### THE PROBLEM
Copy word for word the lines of the records below, beginning at the one with "Mark the foldline" and finishing at the one with "Aquariums: My son’s", ends included, but none of the pictures.

Excerpts from a dataset
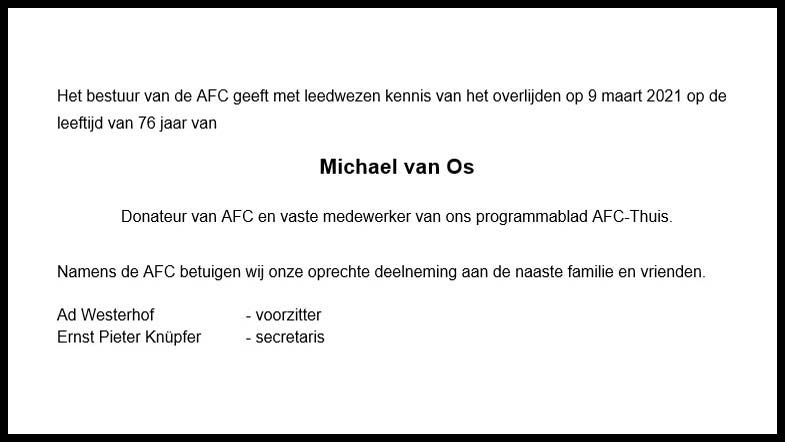 Michael van Os was ook actief betrokken bij de moedervereniging AFC, waar hij jarenlang de interviews verzorgde in het programmaboekje ‘AFC Thuis’. Hij belde mij geregeld op kantoor en vertelde dan welke speler hij zou gaan interviewen en vroeg of ik nog een onderwerp wist voor z’n vragen. Hij had er plezier in en deed het graag. Michael was een trouw bezoeker van het Eerste en was ook bij de uitwedstrijden aanwezig en altijd zeer geïnteresseerd.
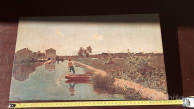 Riproduzione stampa su fondo in legno Guglielmo Ciardi "Mulino sul sile"
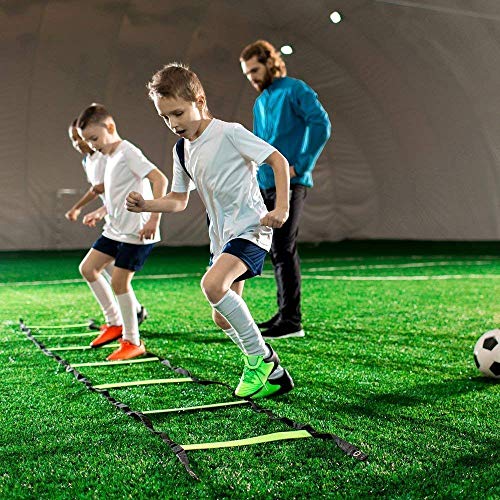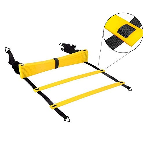 ✅ Durevole: scala per la coordinazione del calcio da 8 metri con 16 pioli regolabili in plastica ad alte prestazioni e borsa per il trasporto. La scaletta può essere facilmente riposta nella borsa, in modo da poter allenarsi ovunque e in qualsiasi momento
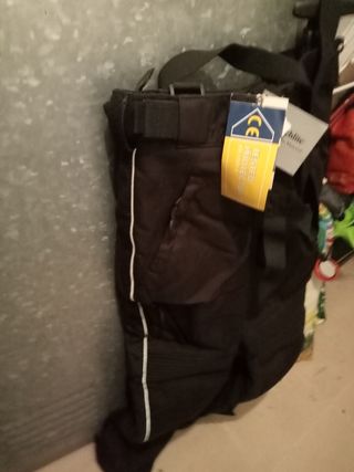 Pantalones cordura de moto Revit. Refuerzo en rodillas, ajuste de cintura mediante cinta elástica, ajuste de piernas mediante cremallera y velcro, forro interior desmontable, protecciones rígidas desmontables disponibles en la rodilla, posibilidad de montar protección de cadera ( no incluidas). El pantalón está en muy buen estado, lo único a destacar un pequeño parque abajo en la pierna derecha, debido al roce con el escape se quemó un poco (ver foto) no afecta para nada al uso del pantalón, no entra agua. Medidas del producto: Talla XS Ancho de cintura 38 cm Largo total 105 cm Ancho tobillo 22 cm
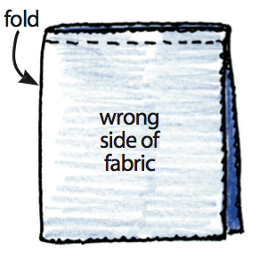 Mark the foldline on each side of the fabric with pins or a disappearing marking pen, as illustrated.
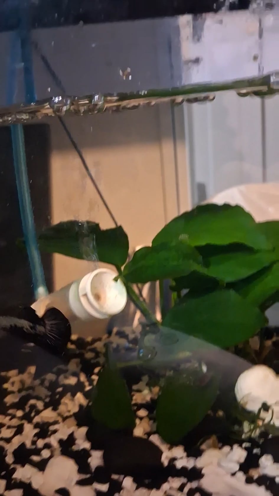 Aquariums: My son’s (8yrs) first tank. Meet Bob. Bobs a Samurai Warrior! And yes, he put in way too many food pellets (my son, not Bob) that we now have to clean up. [10g tank]
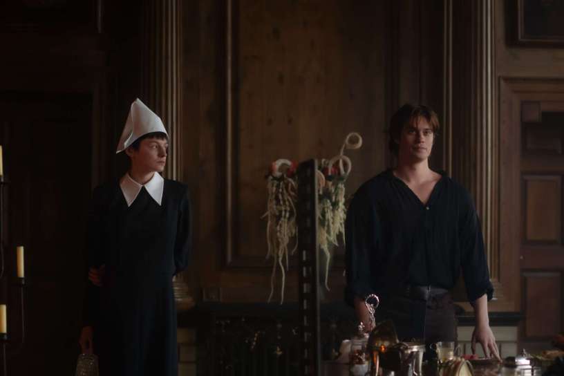 She’s given 100 nights to conceive, while Jerome flees again from sex by pretending to go away on business, leaving Cherry in a lose-lose situation with his hunky friend Manfred (Nicholas Galitzine), who Jerome bets cannot seduce Cherry within those 100 nights. If Cherry is not pregnant by the time Jerome gets back, she’s dead, but if she is pregnant, then it will be with Manfred’s child and, again, she’ll be dead. Her only ally is her maid Hero (Emma Corrin), a mystically gifted storyteller (and, secretly, a literate woman) whose tales have the power to alter time.
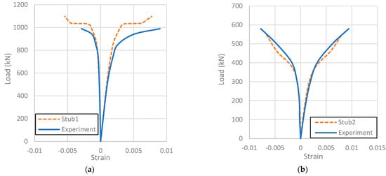 Load–strain relationship of (a) Stub 1 and (b) Stub 2.
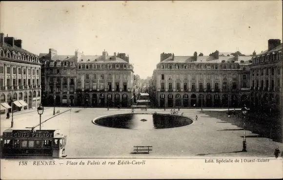 Ak Rennes Ille et Vilaine, Place du palais et rue Edith Cavell
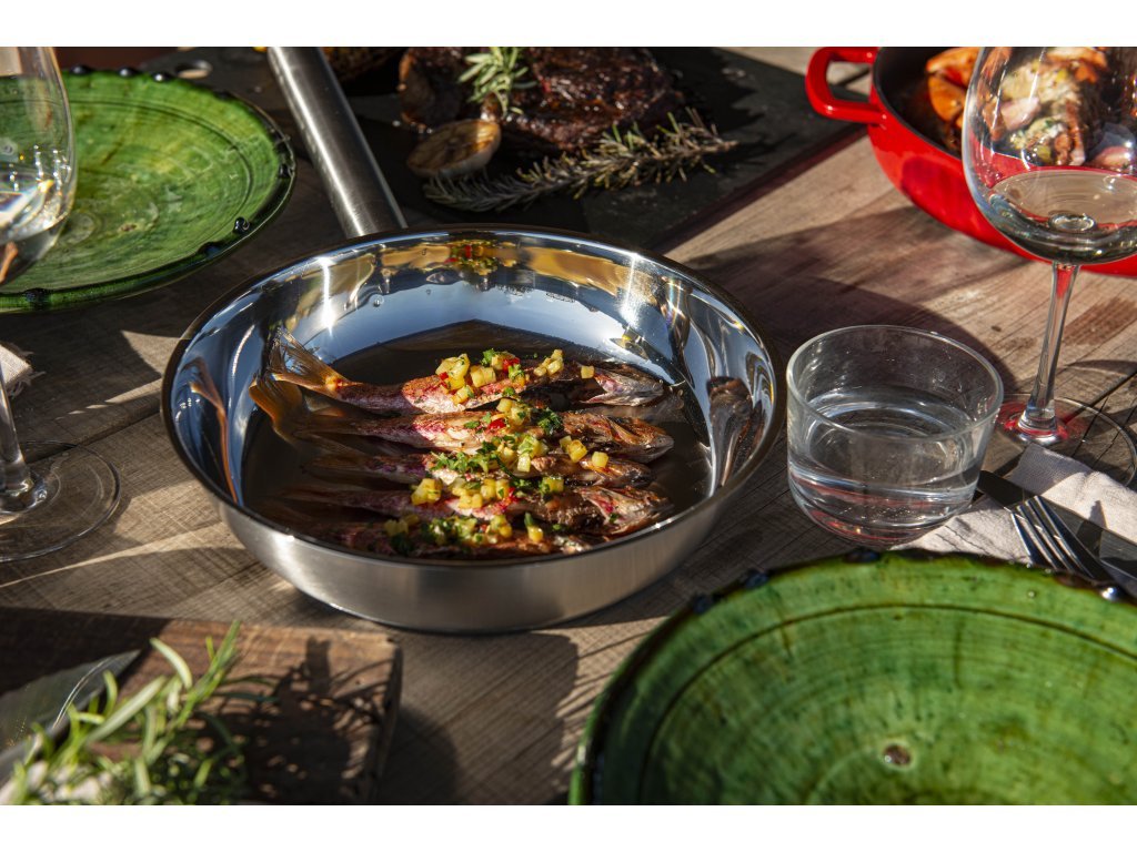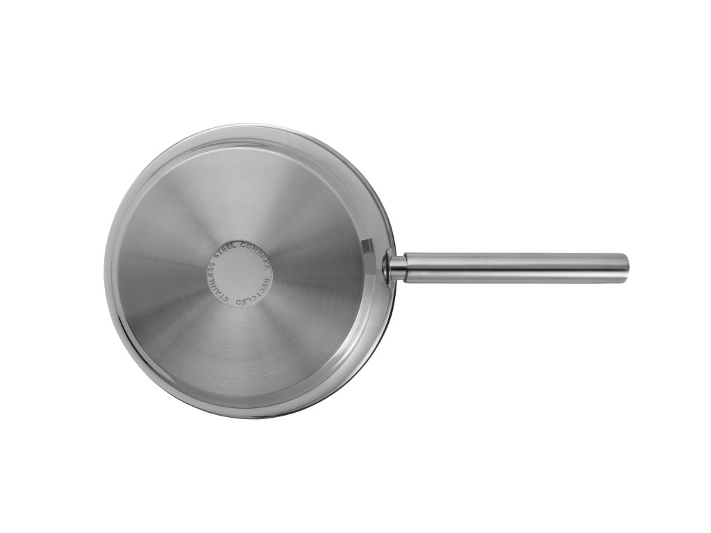 100% recyklované pánve z prvotřídní nerezové oceli. Vytvořeno nejen pro profesionální kuchaře, ale také pro všechny nadšené domácí šéfkuchaře. Díky 6 mm silnému sendvičovému dnu je zajištěno dokonalé rozložení tepla. Hledáte ideální pánev na steaky? Právě jste ji našli, to je ta pravá. Vhodná pro všechny typy varných desek, včetně indukce a pečení v troubě. Pánev COMBEKK je vyrobena z nejkvalitnější recyklované nerezové oceli a můžete ji použít na smažení masa, zeleniny, vajíček a mnoho dalšího. Pánev je vytvořena pro profesionální kuchaře, ale uvítají ji i všichni domácí kuchaři. Pánev vyrobená z recyklované nerezové oceli má stříbrnou barvu v lesku a je dodávány ve čtyřech různých velikostech: 20 - 24 - 28 - 32 cm. Rukojeť pánve je dutá, nezahřívá se tedy jako klasická a při vaření nemusíte používat kuchyňské rukavice. Díky masivní nerezové oceli je tato pánev také velmi odolná.
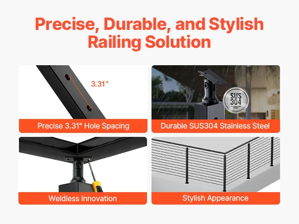 Nuestras barandillas de cable está fabricado con acero inoxidable SUS304 de alta calidad, con una separación entre orificios de 7,6 cm (3") que cumple con los códigos de construcción. No está soldado y tiene un acabado negro, lo que lo hace elegante y versátil para diversos entornos.

### YOUR SOLUTION
 Mark the foldline on each side of the fabric with pins or a disappearing marking pen, as illustrated.
 Aquariums: My son’s (8yrs) first tank. Meet Bob. Bobs a Samurai Warrior! And yes, he put in way too many food pellets (my son, not Bob) that we now have to clean up. [10g tank]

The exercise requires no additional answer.